The status could help to indicate a problem with your generated open-nic-shell or cable connection.

If your card has two CMAC ports and if you built the design with two CMAC ports and two phys_func, then you should be able to test your cable by plugging into both ports on the card and checking the link status.

The base address for the CMAC port 1 is 0xC0000. So repeat the writes and reads for the corresponding addresses to see its link status. E.g. corresponding RX status is at 0xC204.

attdone commented 11 months ago

Hi @cneely-amd , I am facing similar issue, as I am not able to see the interface enp8s0f0 when I run the below commands. sudo setpci -s 08:00.0 COMMAND=0x02; sudo pcimem /sys/devices/pci0000:00/0000:00:01.0/0000:08:00.0/resource2 0x8014 w 0x1; sudo pcimem /sys/devices/pci0000:00/0000:00:01.0/0000:08:00.0/resource2 0x800c w 0x1;

sudo pcimem /sys/devices/pci0000:00/0000:00:01.0/0000:08:00.0/resource2 0x8204; sudo pcimem /sys/devices/pci0000:00/0000:00:01.0/0000:08:00.0/resource2 0x8204; ip a

If I try to use insmod onic.ko, then the interface is seen under ip a. But when I check the status 0x8204, the value shows 0xC0. Please let me know how I can debug further on this.
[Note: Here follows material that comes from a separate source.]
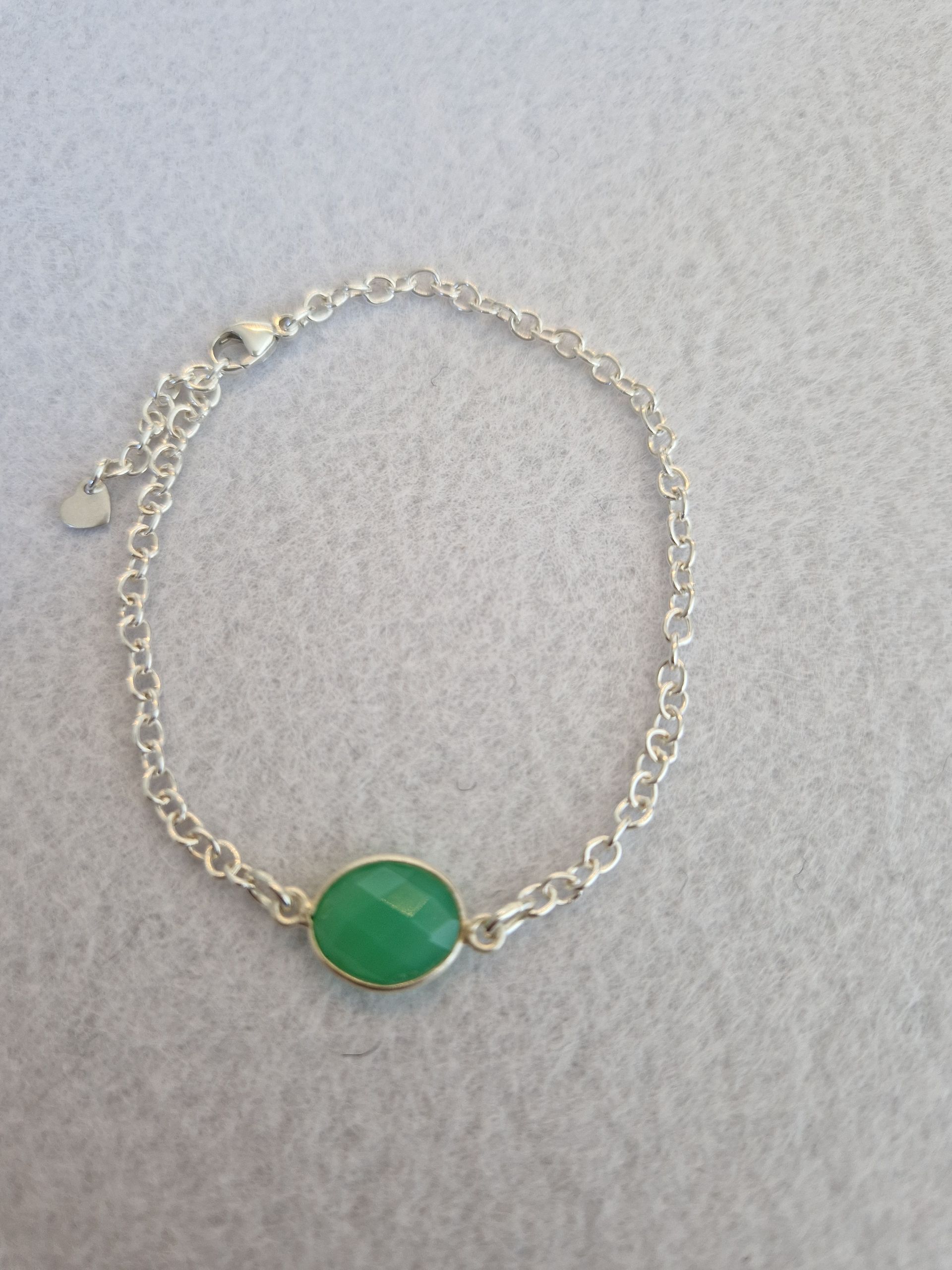 Armband aus 925 Silber mit einem wunderschön facettierten ovalen grünen Onyx (9x13), der in 925 Silber gefasst ist.

cneely-amd commented 11 months ago

Hi @attdone ,

The CMAC product guide describes the possible values for that register. "0xC0" is a value that typically occurs if there's no physical link detected. A possible explanation and suggestion above was to experiment with disabling RS_FEC (enabled by default) and there is a kernel module parameter for the driver that you can use to disable it.

Best regards, --Chris

attdone commented 10 months ago

Hi, Thanks for the input. I tried to disable the RS_FEC in onic driver, But the device Link is not up even the physically QSFP is connected. $sudo ifconfig enp8s0 192.168.1.1 up $ sudo ethtool enp8s0 | grep Link Link detected: no

$ sudo pcimem /sys/devices/pci0000\:00/0000\:00\:01.0/0000\:08\:00.1/resource2 0x8204; /sys/devices/pci0000:00/0000:00:01.0/0000:08:00.1/resource2 opened. Target offset is 0x8204, page size is 4096 mmap(0, 4096, 0x3, 0x1, 3, 0x8204) PCI Memory mapped to address 0x7fbce7c62100. 0x8204: 0x000000C0

If I set the register 0x8090 (Loopback) and make the device up, the Link shows up. $ sudo pcimem /sys/devices/pci0000:00/0000:00:01.0/0000:08:00.0/resource2 0x8090 w 0x1; $ sudo ethtool enp8s0 | grep Link Link detected: yes

What changes to be made? Which register to be used?